An Introduction to Sox9 and Campomelic Dysplasia
Sox9 (SRY-Box Containing Protein 9), is a gene located on the human chromosome 17 (location 17q23). It encodes a transcription factor that recognizes the sequence CCTTGAG along with other members of the HMG-box class DNA-binding proteins. It acts during chondrocyte differentiation and, when interacting with steroidogenic factor 1, regulates transcription of the anti-Muellerian hormone (AMH) gene during sexual development, among others. Deficiencies lead to the skeletal malformation syndrome Campomelic Dysplasia, frequently with sex reversal (Wagner et al 1994; Foster et al 1994).
Campomelic dysplasia is a disorder of the newborn characterized by congenital bowing and angulation of long bones, together with other skeletal and extraskeletal defects (See X-Ray figure to the right for an example; provided by http://www.ncbi.nlm.nih.gov/books/NBK1760/ ). Up to two-thirds of affected XY individuals have a gradation of genital defects or may develop as phenotypic females (Wagner et al 1994).
Sox9 haploissuficient mutant mice have defective cartilage primordia and results in premature skeletal mineralization and are used as a model for Campomelic Dysplasia (Bi et al 2001). It is also a convenient and well used molecular marker in developmental studies to show mesenchymal condensations,as well as the developing cartilage tissue in the early limb bud (Akiyama et al 2005--see fig A on right to see developmental progression in the embryonic limb). The a model of Sox9 in chondrogenesis (in the context of the limb bud) is shown in the figure to the right.
Cartilage differentiation and Endochondral Ossification: Processes that are regulated by Sox9
Steps of Endochondral Bone Development. (Quintana et al 2009)

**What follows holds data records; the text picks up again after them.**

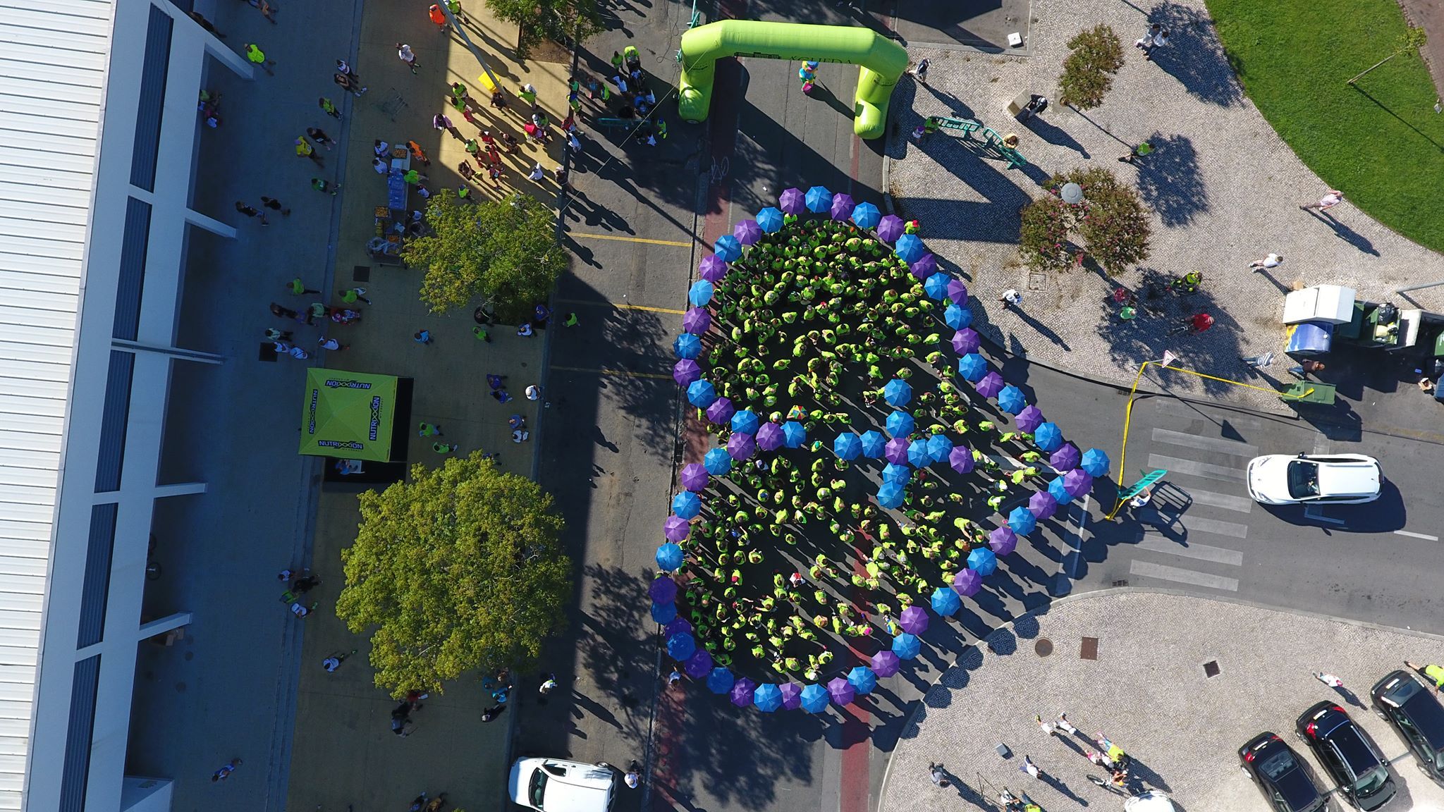 Nesta caminhada/corrida solidária, registo para a participação de uma centena de crianças na prova do "pequeno solidário +" e também para a realização do 1º logótipo humano deste projeto.
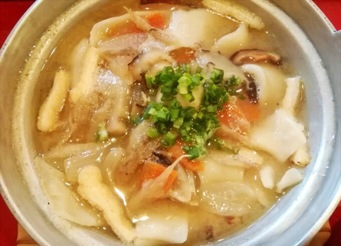 大分県の郷土料理に「だんご汁」という汁物があります。味噌仕立てで、小麦粉を練ってつくられた「だんご」が入っています。ただ、大分の「だんご汁」の場合は丸い形ではなく、平たい麺のような形をしています。
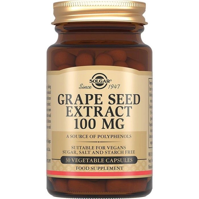 - Для производства продукта Solgar «Экстракт виноградных косточек» используется только тщательно отобранный виноград хорошего качества, что обеспечивает высокое содержание полифенолов в каждой капсуле (90 мг).
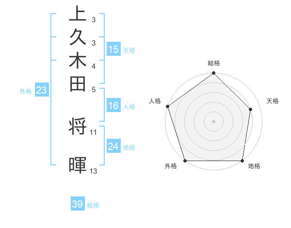 上久木田 将暉さんの総格は39画の5点!
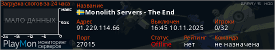 Общая информация ID: 66165 Ссылка: https://playmon.ru/server/91.229.114.66:27015 Адрес: 91.229.114.66:27015 Игроки: 0/32 Статус: Выключен Владелец: Не определён
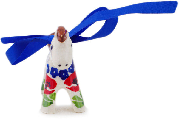 This Polish Pottery Horse Ornament is handmade and handpainted by the Manufaktura factory in Boleslawiec, Poland. Manufacturer item number H8595Q. It is 2½" high and measures 3¼" by ¾". The weight of this Horse Ornament is 0.1 lbs. It is part of the Wild Poppies Collection.
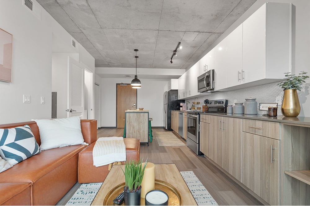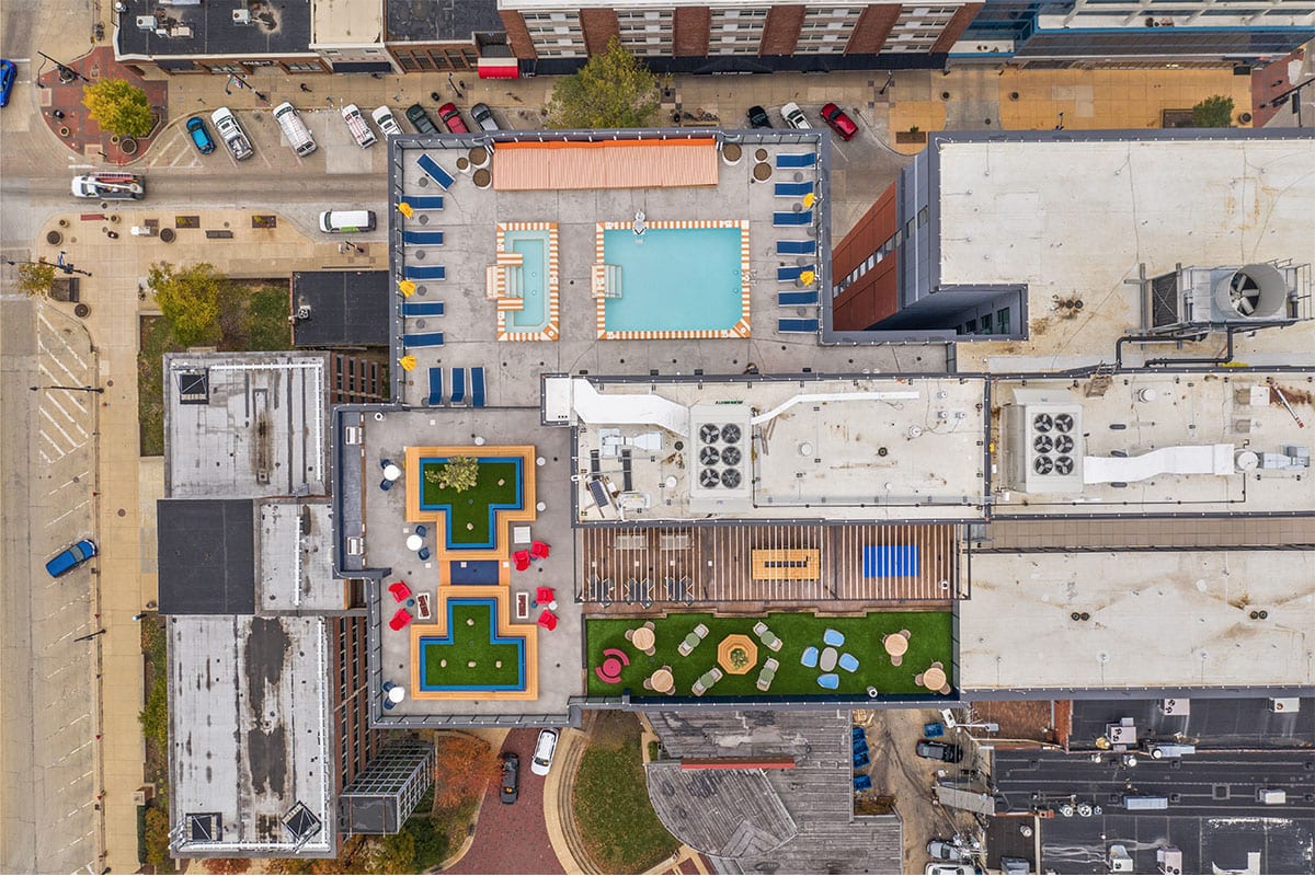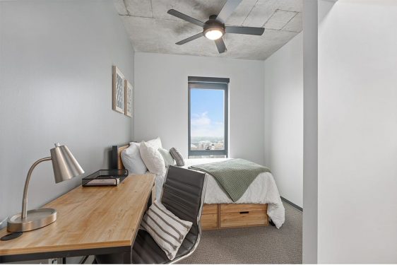 The Dean Campustown 建于 2020 年,位于 UIUC 学生主要生活区——绿街。整栋公寓共 17 层,提供 320 个套间。

To put Sox9's role in development into perspective, I will describe the developmental process of skeletal development Sox9 is involved in. The development of the long bones in vertebrates is a process known as endochondral ossification (see figure above and its accompanying review in Quintana et al 2009), which is a process of bone development that the mesenchymal precursors must go thru a cartilage intermediate, which then bone replaces. Endochondral bone development begins when the mesenchyme cells condense and proliferate to form a scaffolding structure of the skeleton that has been patterned in processes preceding it. Signals instruct these cells to differentiate into chondroblasts. These chondroblasts then subsequently synthesize and secrete extracellular matrix components specific to cartilage, which then causes these cells to differentiate into mature chondrocytes. These chondrocytes then stop proliferating and undergo hypertrophic differentiation (which includes mineralization of the cartilage matrix with calcium salts and changing the overall composition of the ECM components) into what are called hypertrophic chondrocytes. These hypertrophic chondrocytes undergo apoptosis upon blood vessel invasion. The blood vessels carry osteoblasts, which begin to invade the tissue and begin to form bone using the cartilaginous matrix as a scaffold/template and replaces it by mineralized matrix.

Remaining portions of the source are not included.